Action item:
Each record below gets repeated exactly, and pictures stay out of the copy.

Given records:
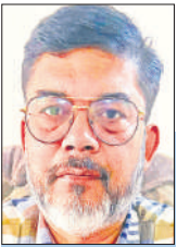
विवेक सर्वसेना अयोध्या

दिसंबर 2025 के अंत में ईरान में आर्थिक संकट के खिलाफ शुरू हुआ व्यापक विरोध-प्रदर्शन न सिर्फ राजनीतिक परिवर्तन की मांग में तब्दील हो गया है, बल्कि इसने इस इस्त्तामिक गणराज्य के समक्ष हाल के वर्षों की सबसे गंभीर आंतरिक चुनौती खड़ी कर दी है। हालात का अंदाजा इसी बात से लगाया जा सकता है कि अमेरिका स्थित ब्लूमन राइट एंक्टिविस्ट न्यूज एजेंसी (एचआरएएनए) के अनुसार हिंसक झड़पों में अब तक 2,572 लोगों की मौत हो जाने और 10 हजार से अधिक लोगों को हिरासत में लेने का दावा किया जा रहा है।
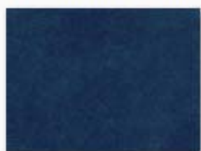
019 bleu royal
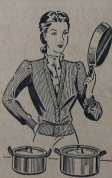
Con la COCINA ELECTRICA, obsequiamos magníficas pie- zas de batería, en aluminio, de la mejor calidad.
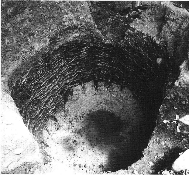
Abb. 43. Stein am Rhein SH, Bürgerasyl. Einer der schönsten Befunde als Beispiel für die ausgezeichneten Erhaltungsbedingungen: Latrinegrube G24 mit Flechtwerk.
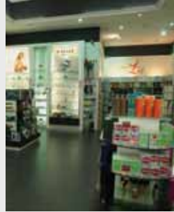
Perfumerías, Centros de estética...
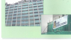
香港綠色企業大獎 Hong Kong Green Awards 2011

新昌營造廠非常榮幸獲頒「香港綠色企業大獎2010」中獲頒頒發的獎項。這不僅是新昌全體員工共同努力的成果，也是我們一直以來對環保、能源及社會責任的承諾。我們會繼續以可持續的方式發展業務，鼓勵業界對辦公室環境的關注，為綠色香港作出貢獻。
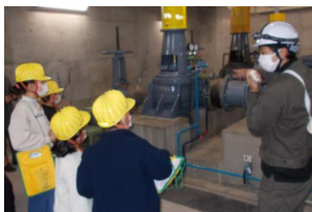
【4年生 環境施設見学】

Result:
विवेक सर्वसेना अयोध्या

दिसंबर 2025 के अंत में ईरान में आर्थिक संकट के खिलाफ शुरू हुआ व्यापक विरोध-प्रदर्शन न सिर्फ राजनीतिक परिवर्तन की मांग में तब्दील हो गया है, बल्कि इसने इस इस्त्तामिक गणराज्य के समक्ष हाल के वर्षों की सबसे गंभीर आंतरिक चुनौती खड़ी कर दी है। हालात का अंदाजा इसी बात से लगाया जा सकता है कि अमेरिका स्थित ब्लूमन राइट एंक्टिविस्ट न्यूज एजेंसी (एचआरएएनए) के अनुसार हिंसक झड़पों में अब तक 2,572 लोगों की मौत हो जाने और 10 हजार से अधिक लोगों को हिरासत में लेने का दावा किया जा रहा है।
019 bleu royal
Con la COCINA ELECTRICA, obsequiamos magníficas pie- zas de batería, en aluminio, de la mejor calidad.
Abb. 43. Stein am Rhein SH, Bürgerasyl. Einer der schönsten Befunde als Beispiel für die ausgezeichneten Erhaltungsbedingungen: Latrinegrube G24 mit Flechtwerk.
Perfumerías, Centros de estética...
香港綠色企業大獎 Hong Kong Green Awards 2011

新昌營造廠非常榮幸獲頒「香港綠色企業大獎2010」中獲頒頒發的獎項。這不僅是新昌全體員工共同努力的成果，也是我們一直以來對環保、能源及社會責任的承諾。我們會繼續以可持續的方式發展業務，鼓勵業界對辦公室環境的關注，為綠色香港作出貢獻。
【4年生 環境施設見学】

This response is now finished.